*** Opening Data for this task ***

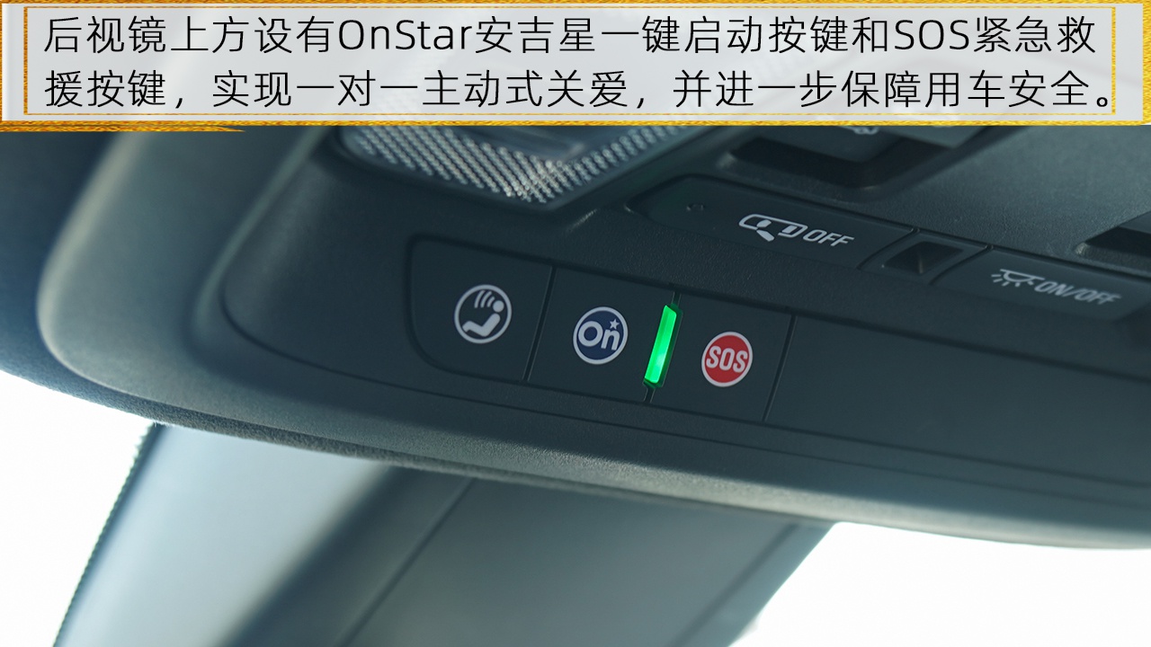 在中控屏内和后视镜旁,都设置有OnStar安吉星一键启动按键,OnStar安吉星系统为用户提供了专业顾问24小时实时在线,一对一主动式关爱,集成碰撞自动求助、紧急救援协助、车况检测、导航、安全保障和手机App应用等七大类22项专属服务。
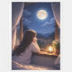 This serene illustration captures a quiet, introspective moment as a young girl gazes out of her window at the luminous full moon. The soft glow of moonlight fills the night sky, casting a calming blue hue over the distant hills and the warmly lit village below, creating a beautiful contrast between solitude and life.
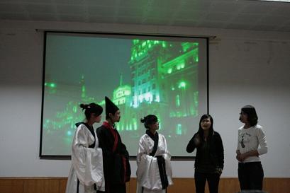 大赛在主持人热情洋溢的开场白中拉开帷幕。各参赛队伍悉心准备,通过精湛的演技、优美的音乐及其他元素的交相配合,为观众演绎了一幕幕经典的历史故事。首先上场的是《六月飞雪》剧组,窦娥声情并茂的话语让观众同情不已;《孔子驾到》剧组则使观众领略了孔夫子穿越时空的奇遇;《孔雀东南飞》是观众们为古代男女的坚贞爱情欷歔叹息;而《戊戌变法》中谭嗣同的凌然正气更是使在场的观众潸然泪下。九个剧组的轮番精彩演出使现场高潮不断,掌声连连。随后孔祥伟老师对各剧组进行了点评,对演员饱含情感、充满个性化的表演、对剧本的创新及舞台表现力提出了表扬,同时也提出了宝贵意见。
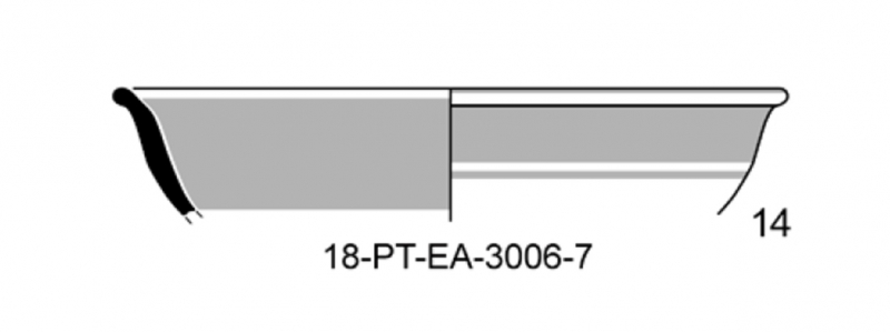 Copa de cerámica griega de occidente de pasta clara con forma inspirada en la tradición jonia, tipo Bats 423 (PY 1993), en este caso de perfil contínuo y curvilíneo. Hallada en los niveles de la fase 1B del sector del Moll Grec de la fachada marítima de la Neápolis.
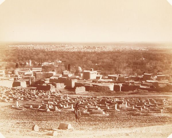 Curator: This albumen print, titled "Marseille," was created between 1856 and 1860 by Édouard Baldus. Editor: It evokes such a stillness, a muted calm over a busy port city. The repetition of the rectangular bales stacked and loaded is striking. Curator: Baldus was commissioned to document France’s infrastructure developments, especially those tied to industrial progress and its relationship to trade. So, here, the aesthetic presentation intersects neatly with the politics of nation-building and power. Note how the low vantage point seems almost designed to make the landscape recede and diminish—subordinate it to the industrial activity in the foreground. Editor: The geometric structures created by the stacked goods impose order. The sepia tones lend the whole scene a formality, but also unify the different visual elements. The textures too, despite their repetition, carry so much complexity when observed up close, wouldn't you say? Curator: Indeed. And it’s this supposed realism that is so fascinating, right? It's tempting to interpret it as simple documentary, but there's no objective lens. We are witnessing the selective framing and construction of a narrative around industrial might. Think of who controlled these new resources and who had access to global trade and power! It forces us to ask what perspectives are subtly excluded in this idealized view. Editor: I find the play of light especially compelling. It draws the eye toward specific areas while other portions melt away in shadow, leaving details obscured to emphasize shape and tonality over clear legibility. It seems to me that there's a dialogue between chaos and control throughout the composition. Curator: This makes one appreciate the photographer's attempt to show development in a new world. We must analyze how the rapid reshaping of Marseille in the 19th Century affected society. Editor: A compelling view, emphasizing form.
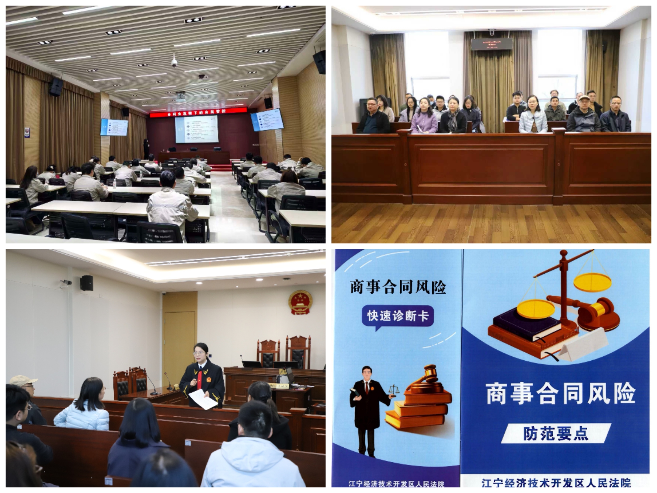 12月3日,邀請北京安理(南京)律師事務(wù)所胡曉玲律師開展《合同全流程下的合規(guī)管控》專題講座,重點面向市場營銷、物資采購等業(yè)務(wù)部門人員,圍繞合同簽訂、履行、變更及風險防范等環(huán)節(jié)進行系統(tǒng)講解,并結(jié)合典型案例剖析合規(guī)要點。12月10日,赴江寧經(jīng)濟技術(shù)開發(fā)區(qū)人民法院旁聽一起買賣合同糾紛案件庭審。庭審中,大家全程專注觀摩了法庭調(diào)查、舉證質(zhì)證、法庭辯論等環(huán)節(jié),真切感受到司法程序的嚴謹。庭審結(jié)束后,法官結(jié)合案件審理情況,對合同糾紛中常見的證據(jù)保存、履約瑕疵認定等問題進行了現(xiàn)場釋法,并發(fā)放了《商事合同風險防范要點》普法宣傳手冊。
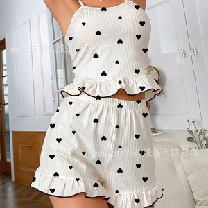 Women's Strawberry Print Sexy Ribbed Frill Trim Pajama Set
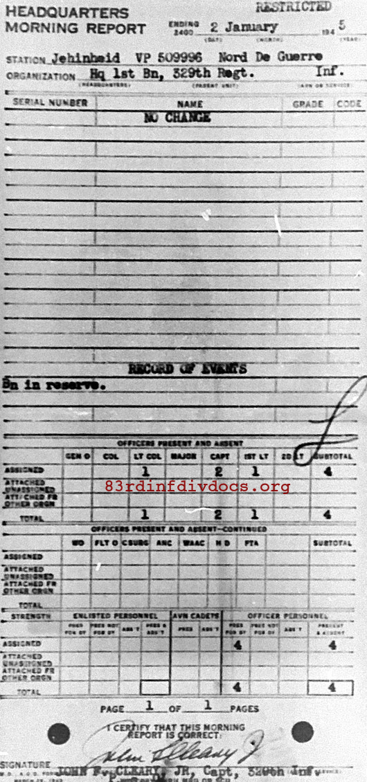 Morning report HQ1BN/329 for January 2, 1945
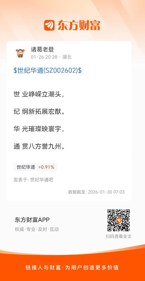 温馨提示: 1.根据《证券法》规定,禁止编造、传播虚假信息或者误导性信息,扰乱证券市场;2.用户在本社区发表的所有资料、言论等仅代表个人观点,与本网站立场无关,不对您构成任何投资建议。用户应基于自己的独立判断,自行决定证券投资并承担相应风险。《东方财富社区管理规定》
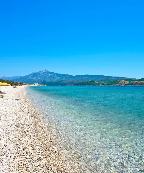 Mikali, a 50 m dalla lunga spiaggia di ciottoli, 9 km da Pythagorion, 8 da Samos città e 12 dall’aeroporto. Navetta gratuita una volta al giorno per il centro di Pythagorion.
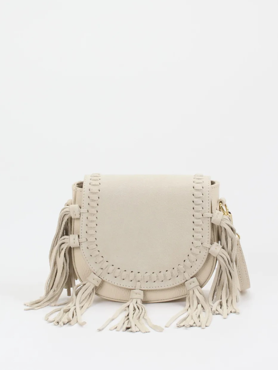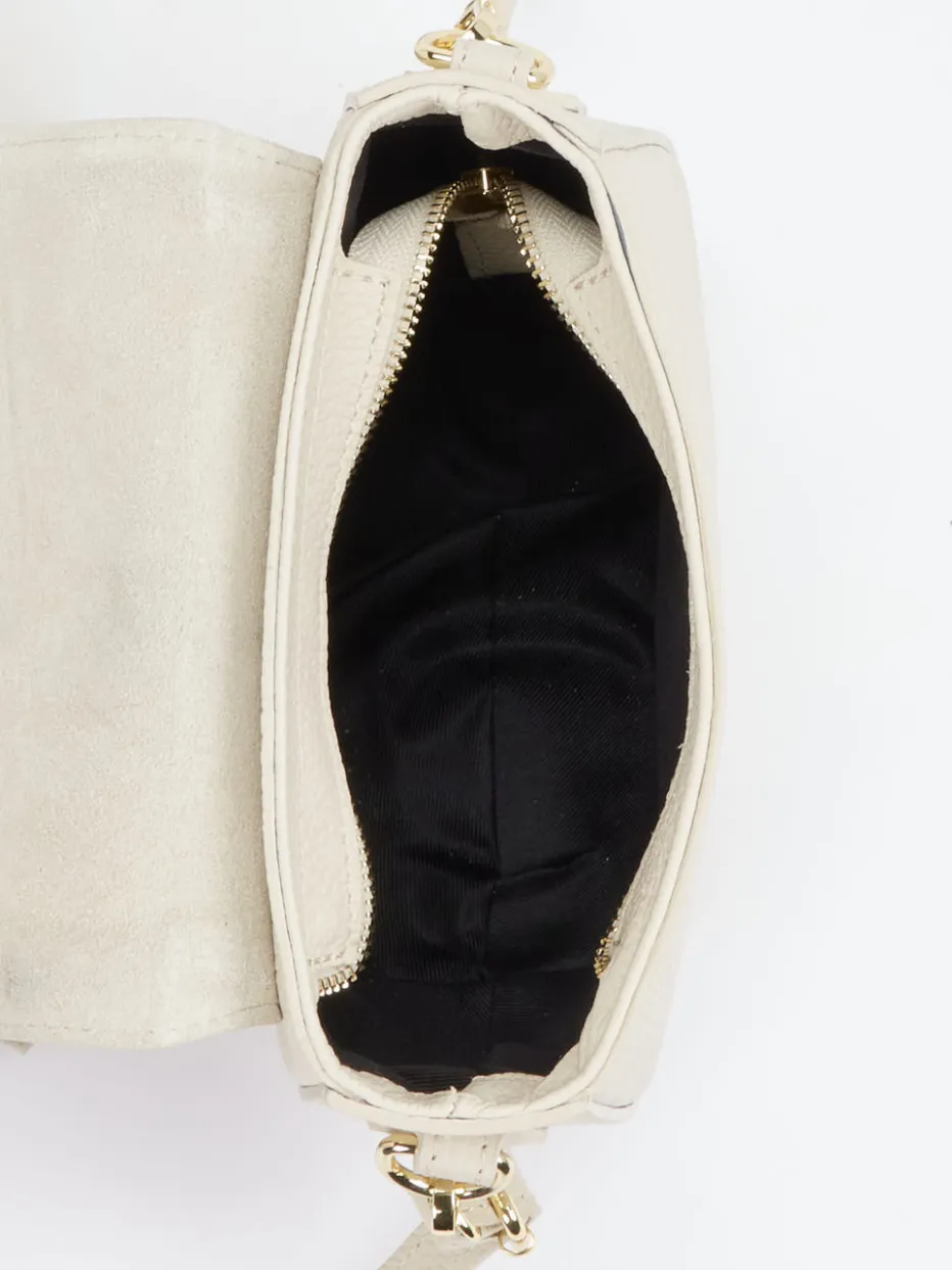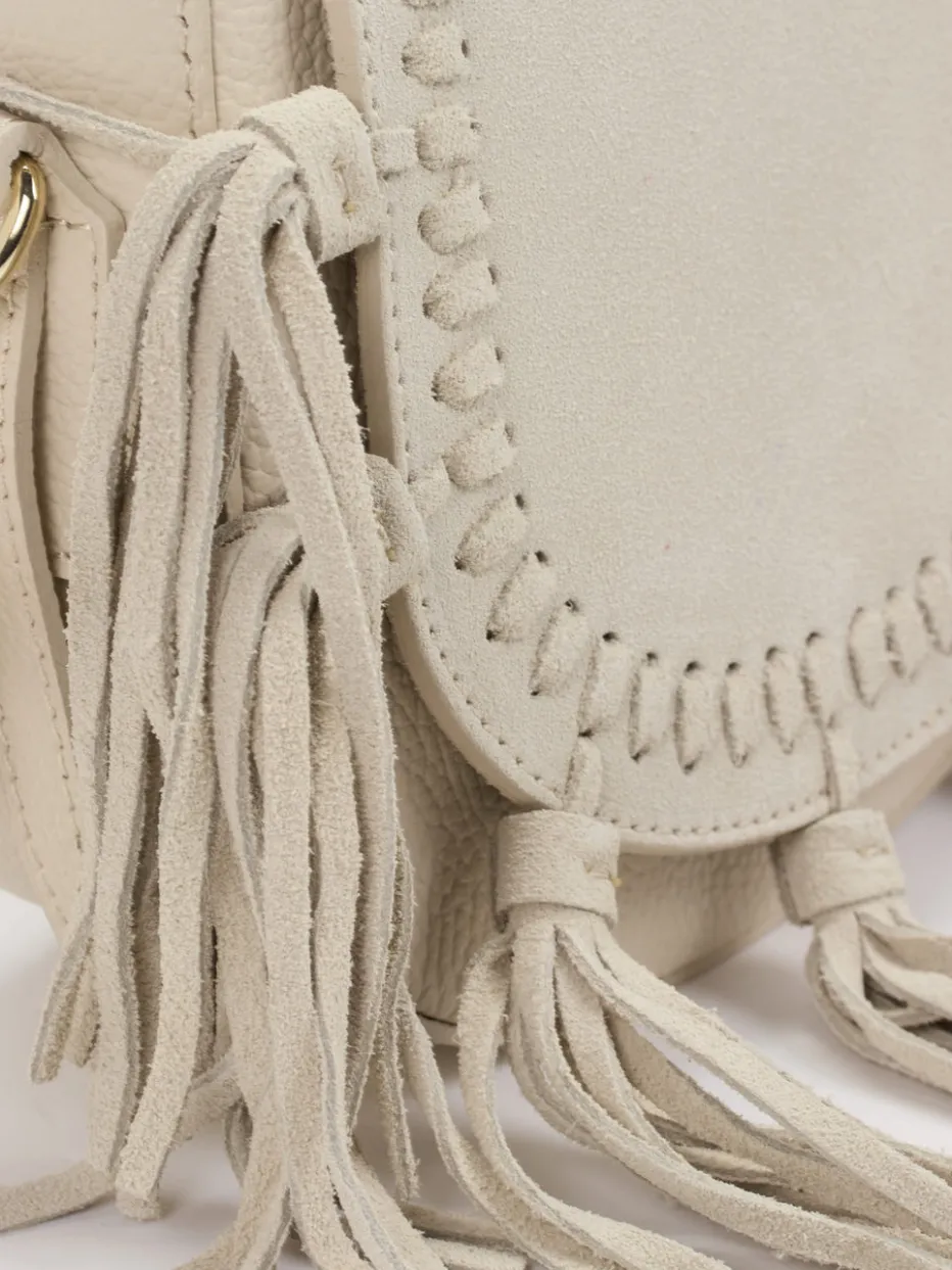 Diese Crossbody-Tasche kombiniert cremefarbenes Kalbleder mit samtigem Velours in halbmondförmiger Silhouette und bündelt Boho-Flair mit italienischer Handwerkskunst.

*** Closing Data for this task ***

**Task brief**
Starting at the line above that holds "This serene illustration", repeat every line exactly down to and including the line that holds "大赛在主持人热情洋溢的开场白", then stop. Do not carry over any pictures.

**Response to the task**
 This serene illustration captures a quiet, introspective moment as a young girl gazes out of her window at the luminous full moon. The soft glow of moonlight fills the night sky, casting a calming blue hue over the distant hills and the warmly lit village below, creating a beautiful contrast between solitude and life.
 大赛在主持人热情洋溢的开场白中拉开帷幕。各参赛队伍悉心准备,通过精湛的演技、优美的音乐及其他元素的交相配合,为观众演绎了一幕幕经典的历史故事。首先上场的是《六月飞雪》剧组,窦娥声情并茂的话语让观众同情不已;《孔子驾到》剧组则使观众领略了孔夫子穿越时空的奇遇;《孔雀东南飞》是观众们为古代男女的坚贞爱情欷歔叹息;而《戊戌变法》中谭嗣同的凌然正气更是使在场的观众潸然泪下。九个剧组的轮番精彩演出使现场高潮不断,掌声连连。随后孔祥伟老师对各剧组进行了点评,对演员饱含情感、充满个性化的表演、对剧本的创新及舞台表现力提出了表扬,同时也提出了宝贵意见。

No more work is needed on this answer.